**INFORMATION SHOWN**

□ □ □ □ □

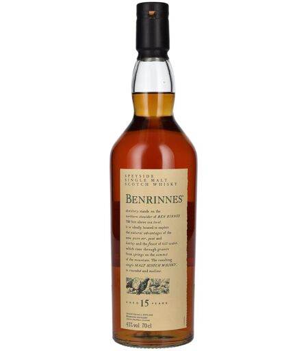 Flora and Fauna, surnom de feu l'écrivain de whisky Michael Jackson, était une série thématique d'embouteillages de whisky single malt commercialisés uniquement par des distilleries. Chaque distillerie a reçu une créature particulière comme symbole, Couleur : acajou brillant. Nez : Riche, floral, légèrement fumé, chocolat, notes d'arômes de sherry, cuir, huile. Goût : Corsé, doux, sucré, semblable au rhum. Finale : Longue durée, sèche, fumée de tourbe, sherry. Le Benrinnes est servi dans u ...
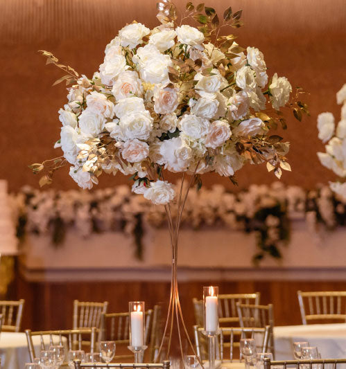 silk flowers coupled with gold foliage highlights
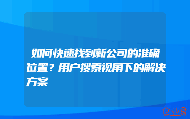 - 如何快速找到新公司的准确位置?用户搜索视角下的解决方案
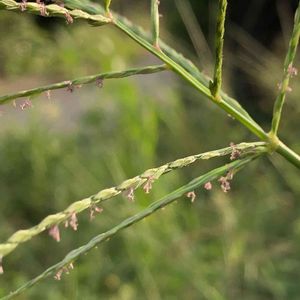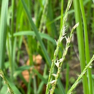 雌日芝 女日芝 イネ科メヒシバ属 小穂には2つの花が含まれ、軸側の花だけが種子をつける。 茎は細く、基部は分枝しながら地表を這い、節々から根を下ろす
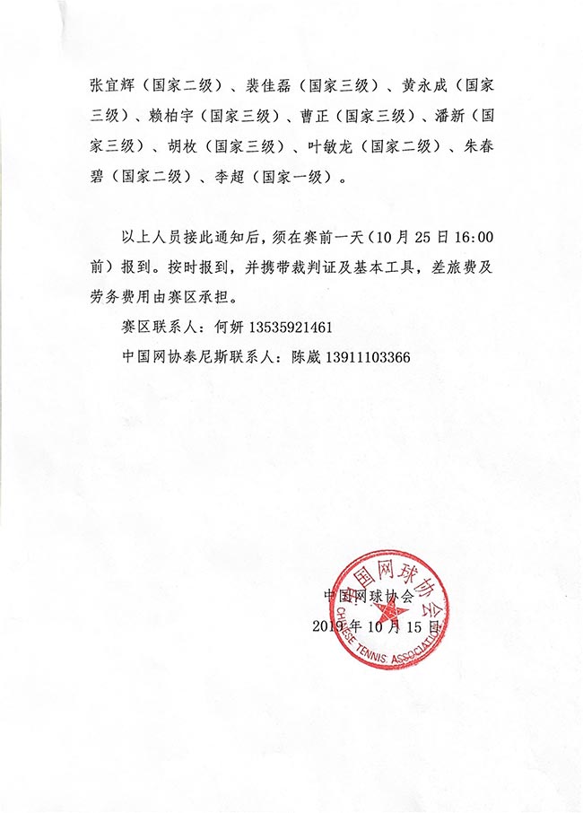 關(guān)于選派2019年中國業(yè)余網(wǎng)球公開賽深圳皇冠賽技術(shù)官員的通知
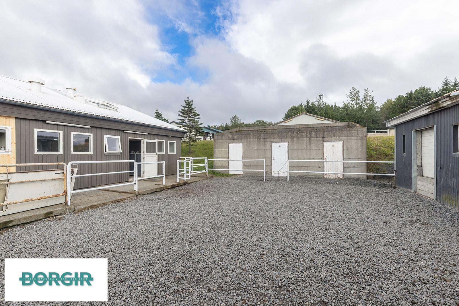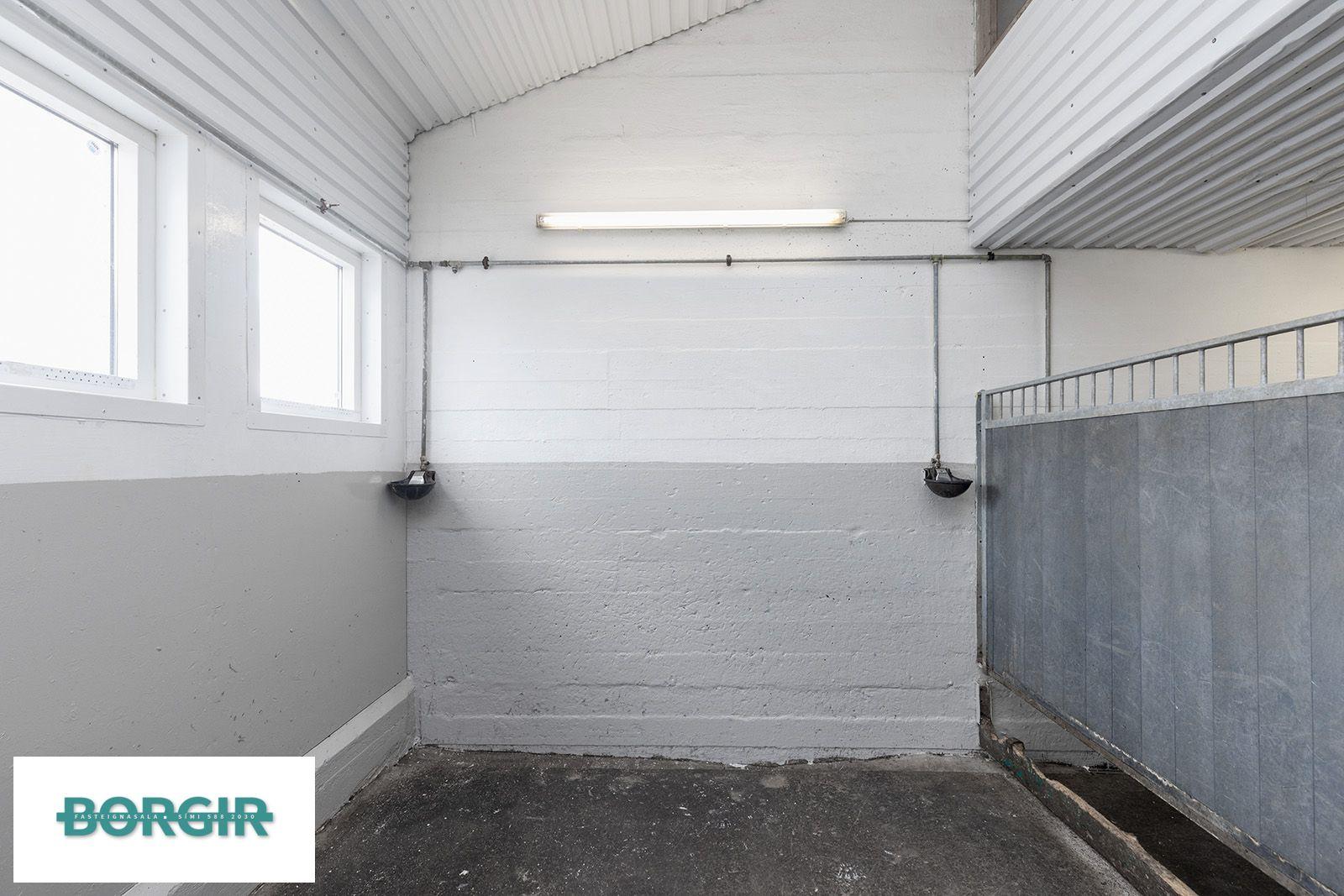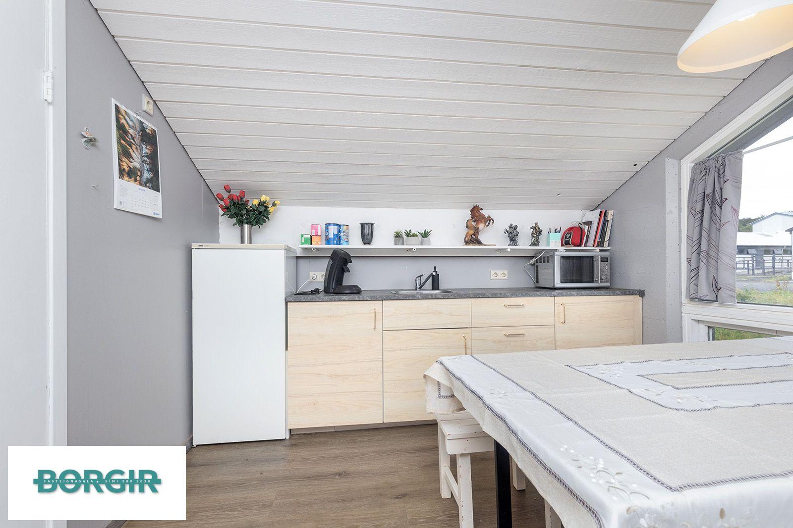 Lýsing: Tveir inngangar eru í húsið á austur og vestur hlið. Hestagerði báðum megin. Jarðhæðin er hólfuð niður í stíur fyrir 14/15 hesta og þar einnig 15 fm hlaða.. Gluggaröð á annari hliðinni. Stigi upp á ris loft og þar í holi er skápar fyrir föt og búnað, málað gólf. Frá holi er klósett/snyrting. Innaf holinu er svo kaffistofa með eldhús innréttingu og bekkjum en þar plast parket á gólfi. Góður gluggi í norður.
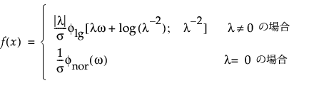 指数修正Gauss分布のxにおける密度を戻す。確率密度関数は、次式のとおりです。
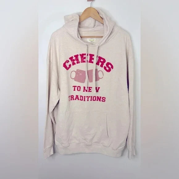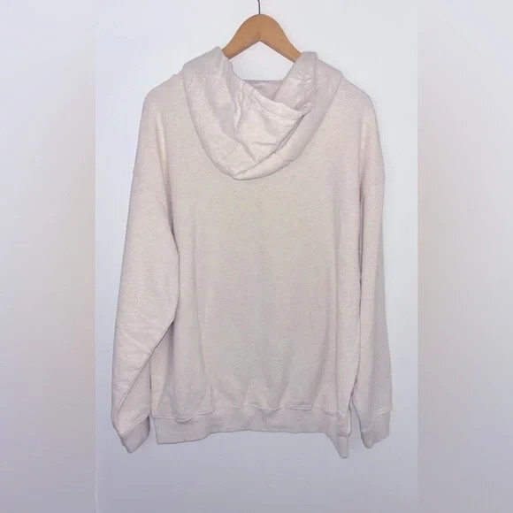 Stay warm and stylish with this cozy cream sweater. Perfect for any casual outing. Pullover Style Hooded Long Sleeve Kangaroo Pocket Oversized Fit
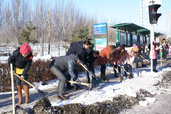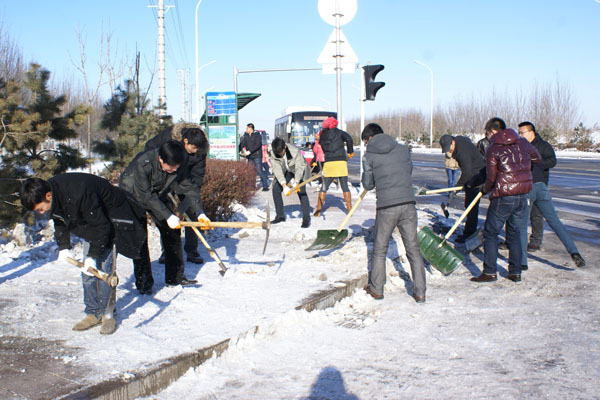 11月23日中午,机关团总支组织了20余名青年职工志愿者,到学院大门前的公交车站点开展了义务清雪志愿服务活动,为师生乘坐公交创造了安全、清洁的环境,为弘扬雷锋精神、展现服务型机关风采付诸了温暖、贴心的实际行动。

□ □ □ □ □

**ABOUT THIS TASK**
Skip every picture, and restate word for word only the lines above from the line containing "Lýsing: Tveir inngangar" to the line containing "Stay warm and", both of them included.

**RESPONSE TO THE TASK**
 Lýsing: Tveir inngangar eru í húsið á austur og vestur hlið. Hestagerði báðum megin. Jarðhæðin er hólfuð niður í stíur fyrir 14/15 hesta og þar einnig 15 fm hlaða.. Gluggaröð á annari hliðinni. Stigi upp á ris loft og þar í holi er skápar fyrir föt og búnað, málað gólf. Frá holi er klósett/snyrting. Innaf holinu er svo kaffistofa með eldhús innréttingu og bekkjum en þar plast parket á gólfi. Góður gluggi í norður.
 指数修正Gauss分布のxにおける密度を戻す。確率密度関数は、次式のとおりです。
 Stay warm and stylish with this cozy cream sweater. Perfect for any casual outing. Pullover Style Hooded Long Sleeve Kangaroo Pocket Oversized Fit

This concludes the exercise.